Here is an excerpt from the Introduction in the module that conveys a sense of what it is about:


'In the realm of hunger, the world is prosaic

The full moon is like scalded bread.’


This powerful imagery concludes a poem (‘Hey Mahajibon’ from Chharpatra) that opens with a call to ‘wipe away the poetry-softened chimes’ for the harshness of the times demands the ‘stern hammer of prose’. The fiery Bangla poet and author of these lines, Sukanta Bhattacharya, would succumb to tuberculosis at the age of 20, three months before India would formally gain independence from the British. In his short lifetime, however, the poet witnessed some of the most difficult years Bengal and its people lived in the twentieth century—in the last few years of his life alone Bengal saw the Famine of ’43 and the Calcutta Killings of ’46, the latter of which triggered several Hindu–Muslim riots in Noakhali (in present day Bangladesh), Bihar and Punjab. Sitting in Calcutta (now Kolkata) in 2022 in relative privilege and comfort, the losses—quantifiable and worse, otherwise—are practically impossible to envision.

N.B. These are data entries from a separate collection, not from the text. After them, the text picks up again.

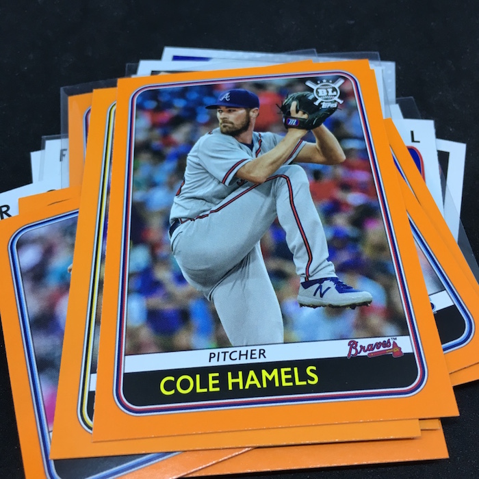 Orange parallel (10) – Mike Trout, Cody Bellinger, NL HR leaders, Randal Grichuk, Charlie Horton, Joe Musgrove, Cole Hamels, Jon Lester, Chris Paddack, Josh Hader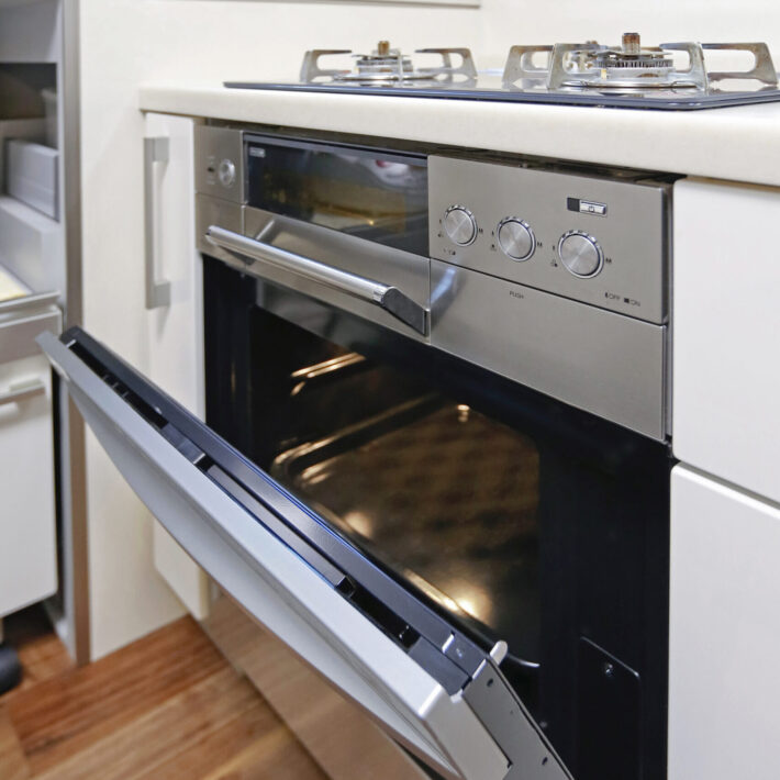 無駄な動線が省略されて、流しからコンロへの移動もスムーズに。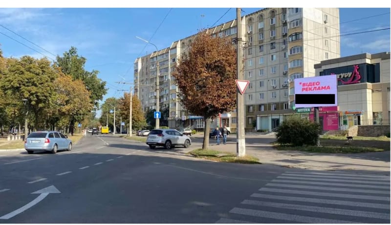Оренда рекламна конструкціяу 2.3×3.14 м в м. Біла Церква. Розмір площини: 2.3×3.14 м, сторона A. Стратегічна локація для ефективної зовнішньої реклами. Код: BC_LED_006.
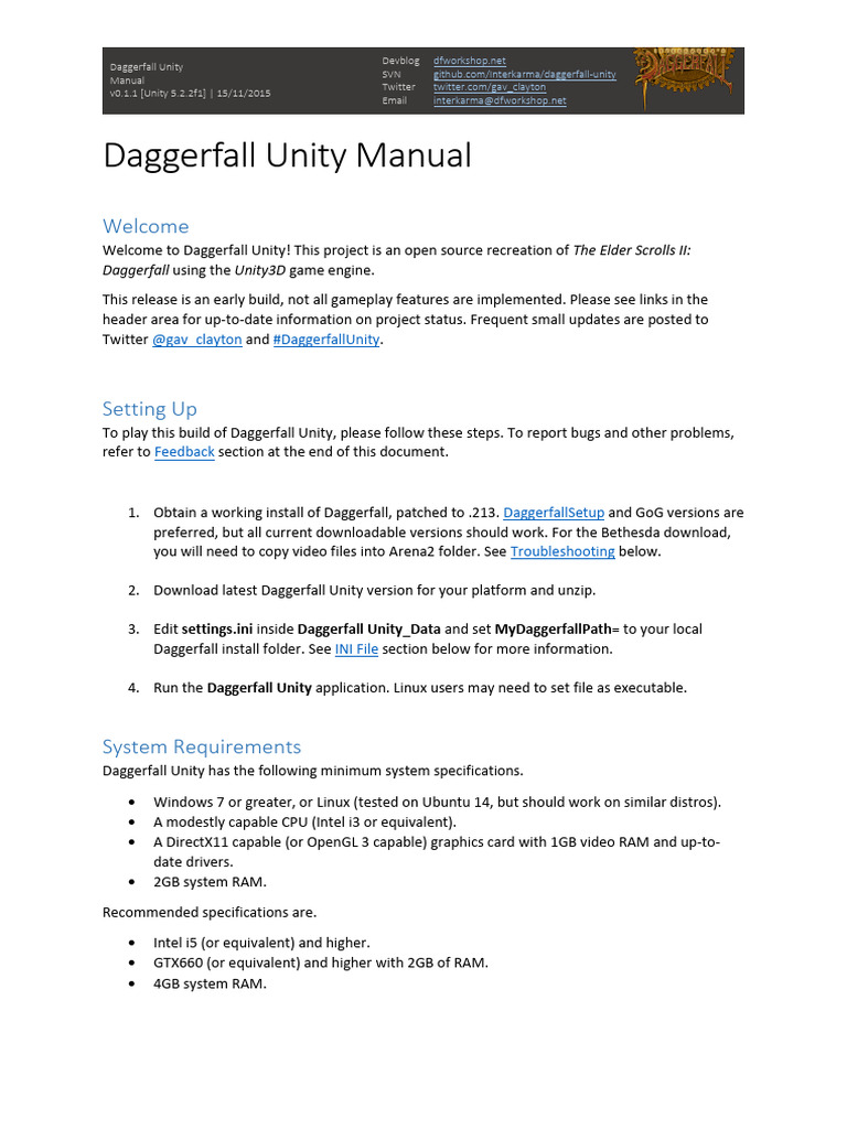 Daggerfall Unity 0.1.1 Manual | PDF | Unity (Game Engine) | Texture Mapping

Like with Sukanta Bhattacharya’s ‘Hey Mahajibon’, the scarring impact of these events made their ways into the recorded expressions of many writers and artists, offering us an avenue to engage with a past we have inherited, whether or not we choose to identify or claim it. This module looks at the Bengal Famine of 1943—a history that continues to remain largely missing from mainstream textbooks in India—with a specific focus on the works of Chittaprosad.